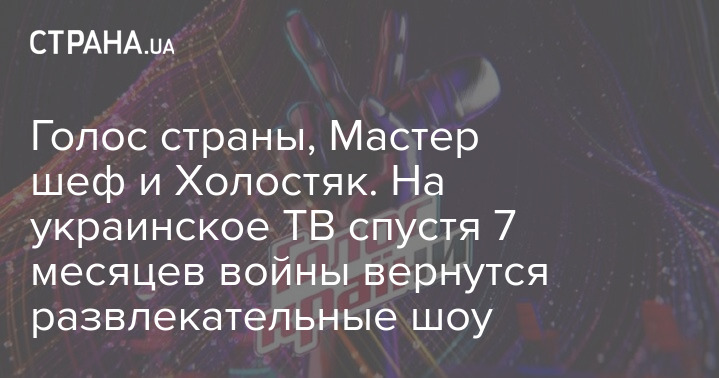 Голос страны, Мастер шеф и Холостяк. На украинское ТВ спустя 7 месяцев войны вернутся развлекательные шоу
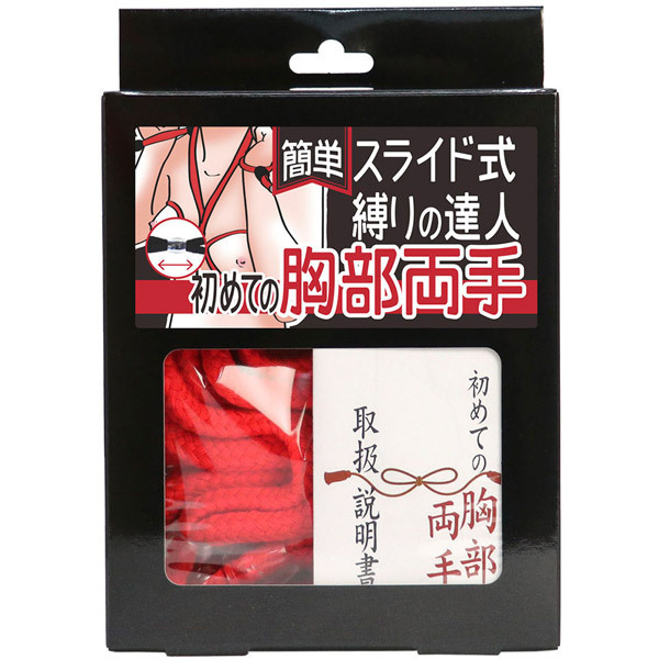 ビーズ玉をスライドさせるだけ♪柔らかな肌触りの綿製SMロープ「簡単スライド式縛りの達人 初めての胸部両手(赤)」。
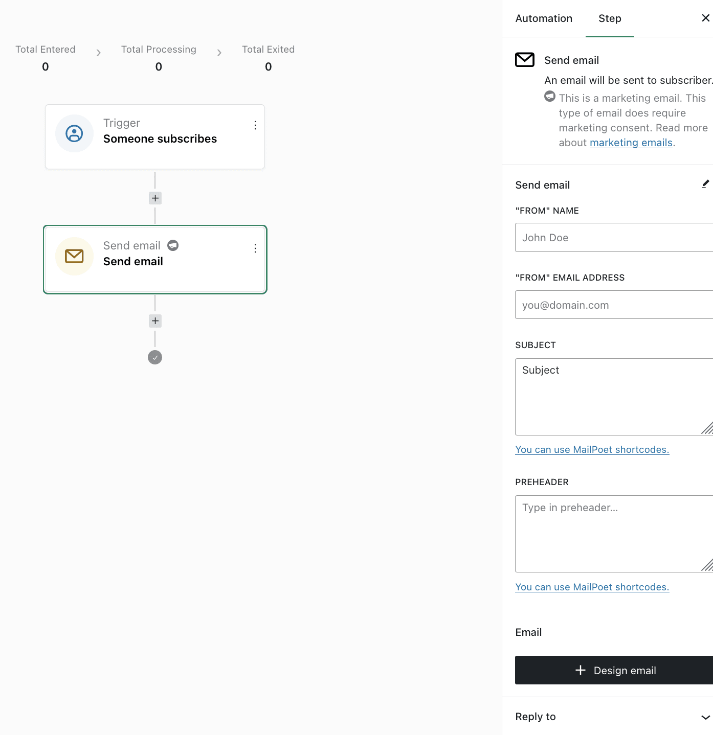 First, create an Automation in MailPoet > Automation > New Automation. Then you can build your Automation using the following elements:
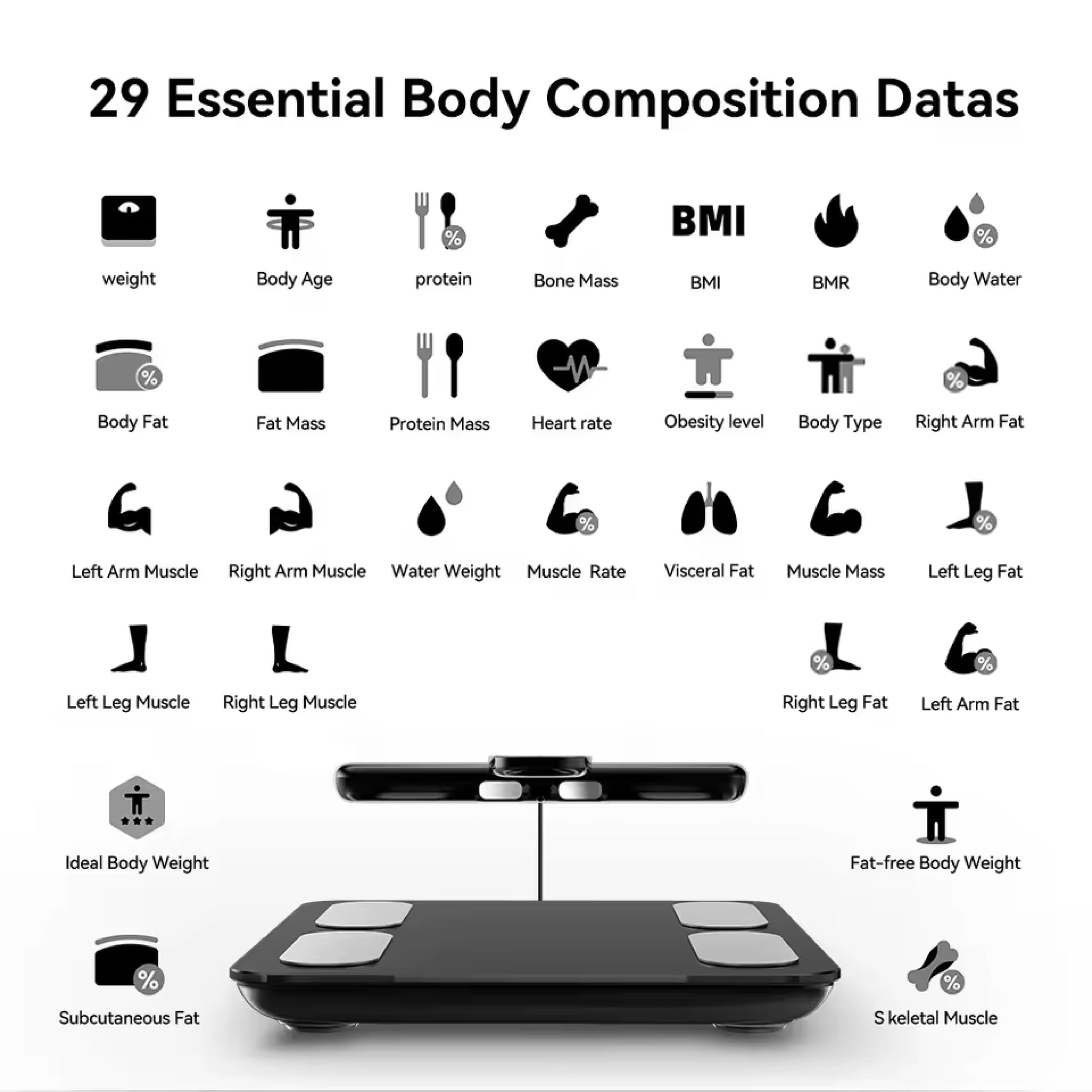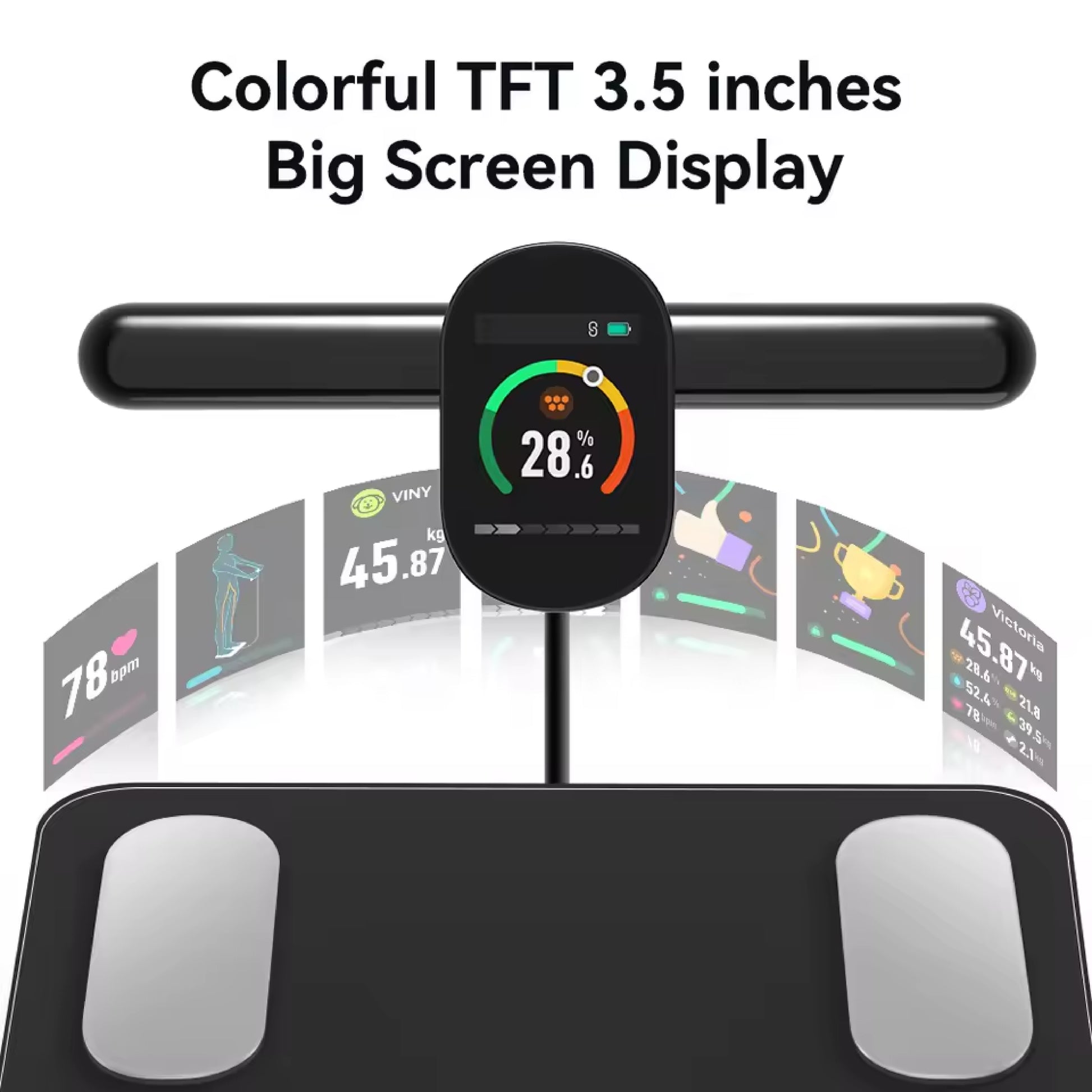 This 8 Electrodes Digital Smart BMI Scale features ITO technology, a 396lb capacity, and tempered glass construction. It supports body fat, water content, calorie, and weight measuring with high-precision sensors. Equipped with VA big display and a rechargeable lithium battery via Type C port. Certified by CE, RoHS, FCC, and REACH for compliance with global safety standards, ensuring market access and buyer trust.
════
**WHAT YOU SHOULD DO**
Look above for the line with "ビーズ玉をスライドさせるだけ" and the line with "First, create an". Copy them and every line between, exactly, but no pictures.

**WRITTEN SOLUTION**
 ビーズ玉をスライドさせるだけ♪柔らかな肌触りの綿製SMロープ「簡単スライド式縛りの達人 初めての胸部両手(赤)」。
 First, create an Automation in MailPoet > Automation > New Automation. Then you can build your Automation using the following elements:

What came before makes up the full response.